▸ **Dataset items**:
/---
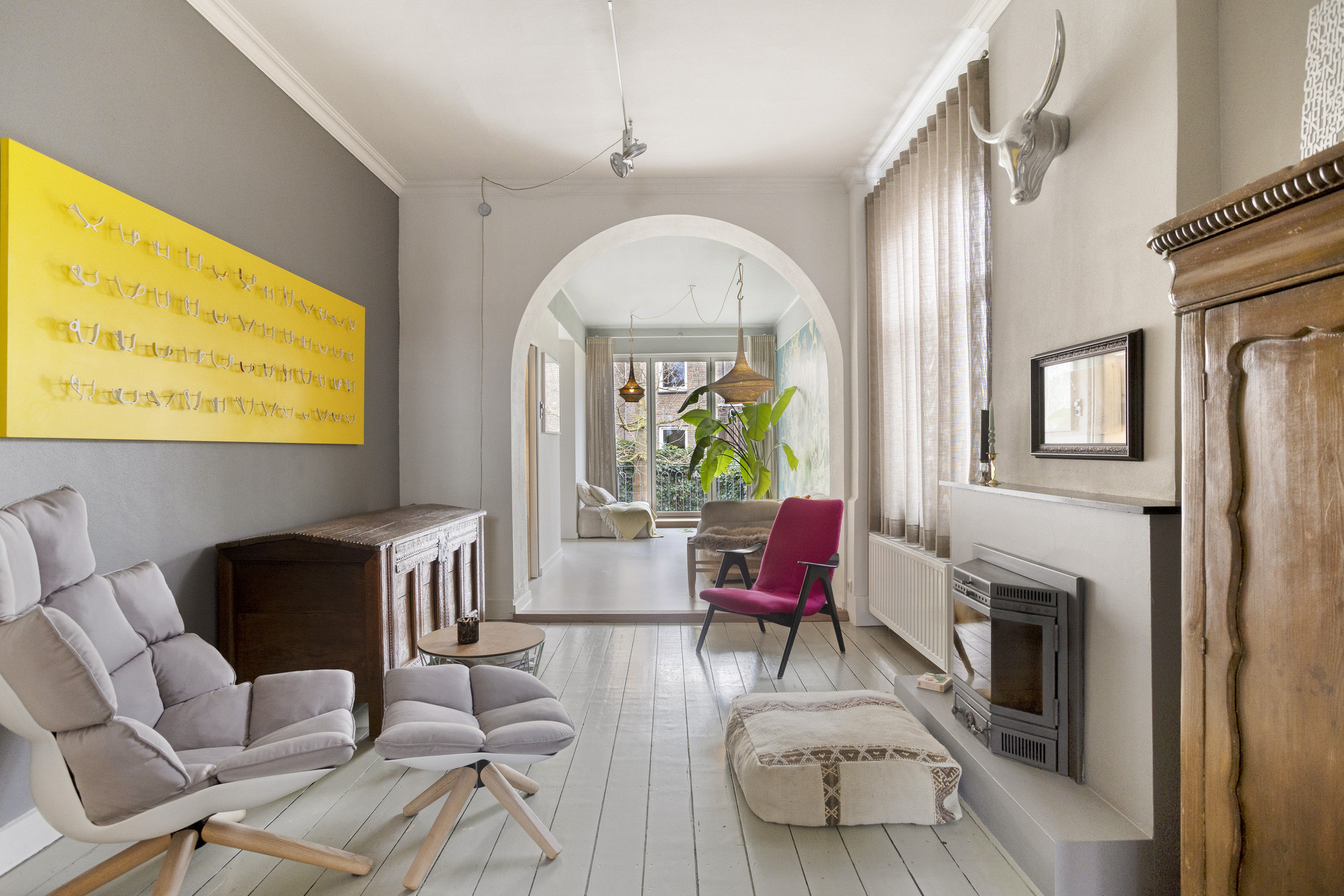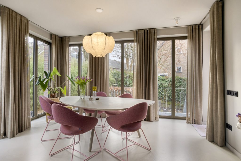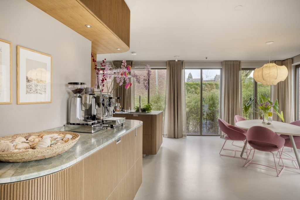 Ook de koffiecorner is met zorg samengesteld: het blad is uitgevoerd in een prachtig licht zeegroene kwartsiet, wat een fraai contrast vormt met het warme walnoothout.In het oorspronkelijke woningdeel bevindt zich de speels ingedeelde woonkamer, verdeeld in meerdere zithoeken. Hierdoor is er op elk moment van de dag een fijne plek om te ontspannen. Zo kunt u zich terugtrekken bij de knusse houthaard in het middengedeelte, of juist kiezen voor extra privacy door de en-suite deuren van de voorkamer te sluiten. Aan de achterzijde geniet u van een prachtig groen uitzicht op de tuin via de harmonicadeuren, die bovendien grenzen aan het balkon, hier voelt buiten als binnen.
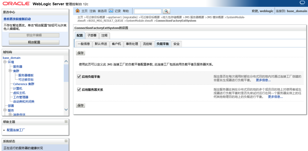 点击服务->消息传送->JMS模块->SystemModule1,进入JMS模块设置界面,点击连接工厂ConnectionFactoryExtSystem,打开连接工厂配置界面。点击配置->负载均衡标签页,设置启动负载平衡。
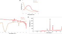 The hydrogen peroxide scavenging assay was performed by modifying the methods of Vilas et al.29, with ascorbic acid as control, various concentration of the bimetallic NPs (15, 30, 60, 120, 240 μg mL−1) was aliquoted and added with 100 μL of 3 mM hydrogen peroxide solution. The solution was incubated at room temperature for 30 min and the absorbance was measured at 610 nm. The percentage of scavenging was calculated using Eq. (1).
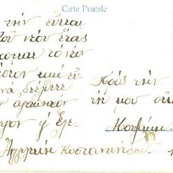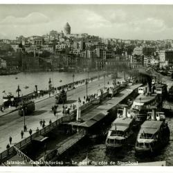 The front is a scene of the Galata Bridge in Istanbul. There are many ships docked and people walking along the boardwalk. Two street cars are going down the center of the boardwalk. In the background are many buildings including the Galata Tower, which sticks out for being the tallest. At the bottom of the card reads 'Istanbul, Galata koprusu- Le pont du cote de Stamboul'. The back has a message written in Greek.
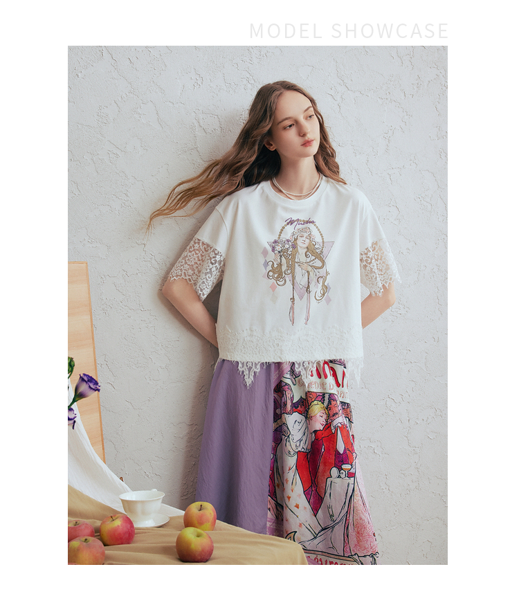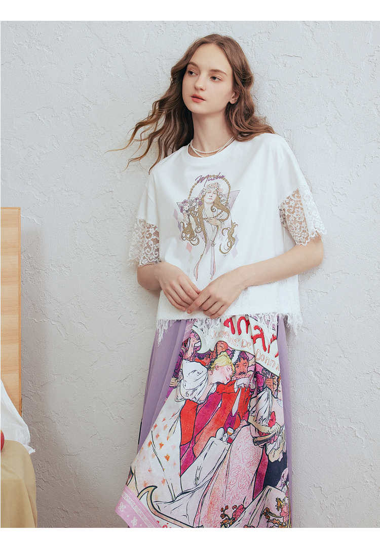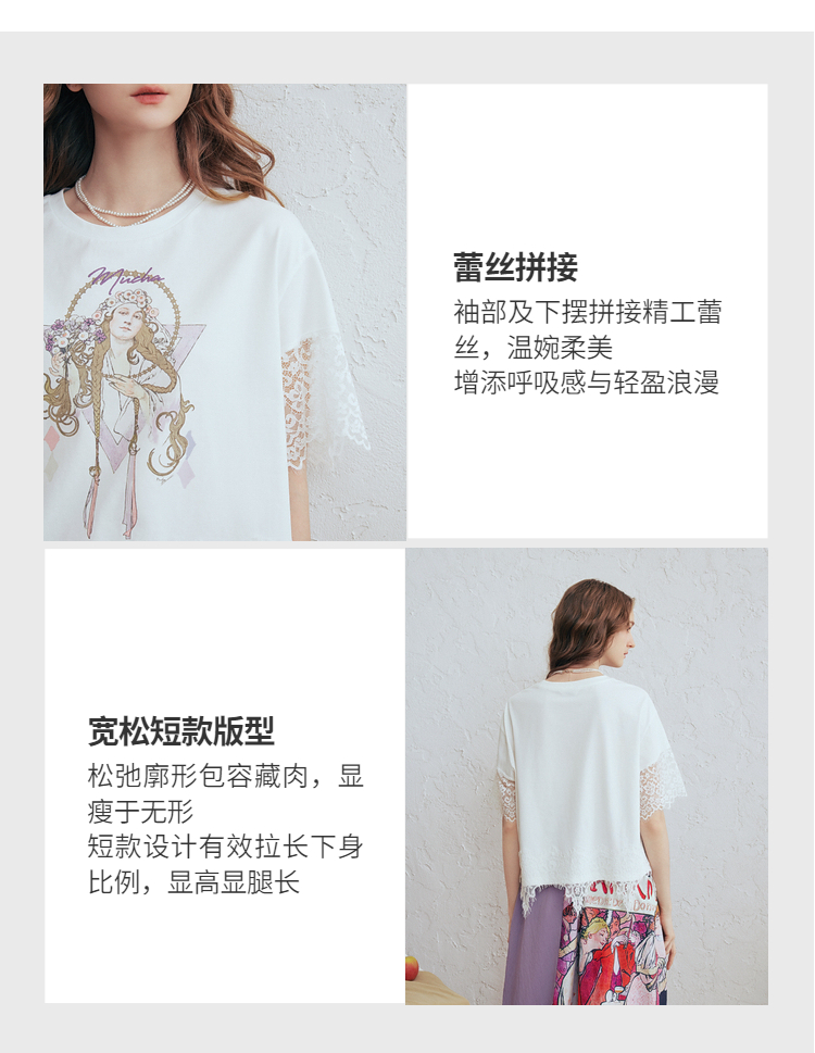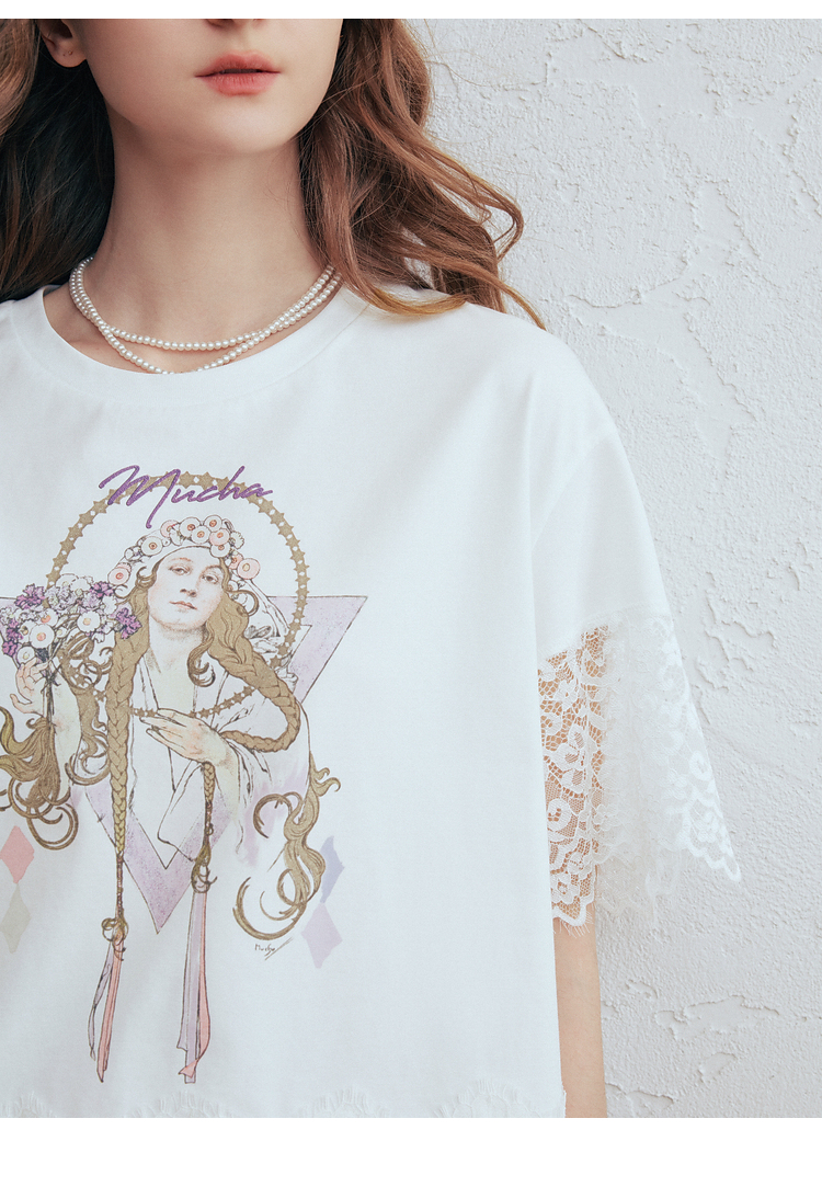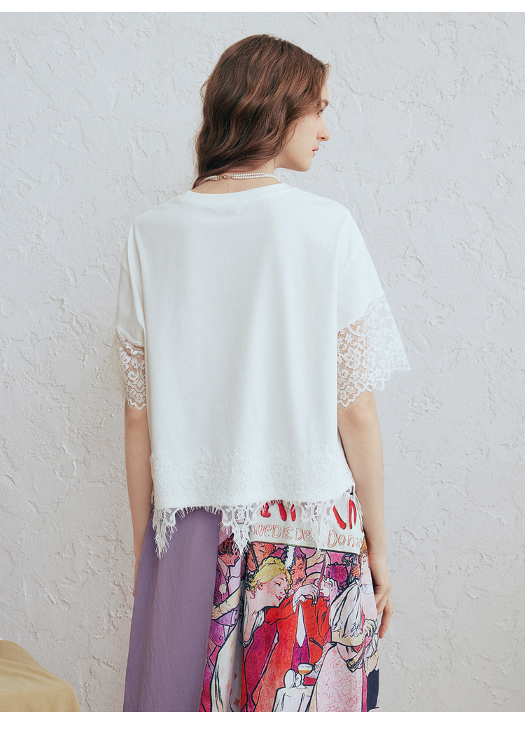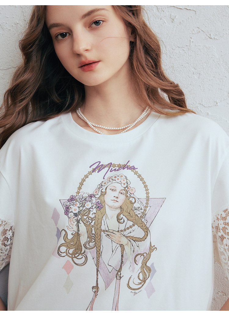 两三事 行云旅途 2026春季新款复古人物印花蕾丝拼接t恤女宽松
\---
▸ **Exercise**: Output the entries verbatim but drop the images.

▸ **Solution to this task**:
 Ook de koffiecorner is met zorg samengesteld: het blad is uitgevoerd in een prachtig licht zeegroene kwartsiet, wat een fraai contrast vormt met het warme walnoothout.In het oorspronkelijke woningdeel bevindt zich de speels ingedeelde woonkamer, verdeeld in meerdere zithoeken. Hierdoor is er op elk moment van de dag een fijne plek om te ontspannen. Zo kunt u zich terugtrekken bij de knusse houthaard in het middengedeelte, of juist kiezen voor extra privacy door de en-suite deuren van de voorkamer te sluiten. Aan de achterzijde geniet u van een prachtig groen uitzicht op de tuin via de harmonicadeuren, die bovendien grenzen aan het balkon, hier voelt buiten als binnen.
 点击服务->消息传送->JMS模块->SystemModule1,进入JMS模块设置界面,点击连接工厂ConnectionFactoryExtSystem,打开连接工厂配置界面。点击配置->负载均衡标签页,设置启动负载平衡。
 The hydrogen peroxide scavenging assay was performed by modifying the methods of Vilas et al.29, with ascorbic acid as control, various concentration of the bimetallic NPs (15, 30, 60, 120, 240 μg mL−1) was aliquoted and added with 100 μL of 3 mM hydrogen peroxide solution. The solution was incubated at room temperature for 30 min and the absorbance was measured at 610 nm. The percentage of scavenging was calculated using Eq. (1).
 The front is a scene of the Galata Bridge in Istanbul. There are many ships docked and people walking along the boardwalk. Two street cars are going down the center of the boardwalk. In the background are many buildings including the Galata Tower, which sticks out for being the tallest. At the bottom of the card reads 'Istanbul, Galata koprusu- Le pont du cote de Stamboul'. The back has a message written in Greek.
 两三事 行云旅途 2026春季新款复古人物印花蕾丝拼接t恤女宽松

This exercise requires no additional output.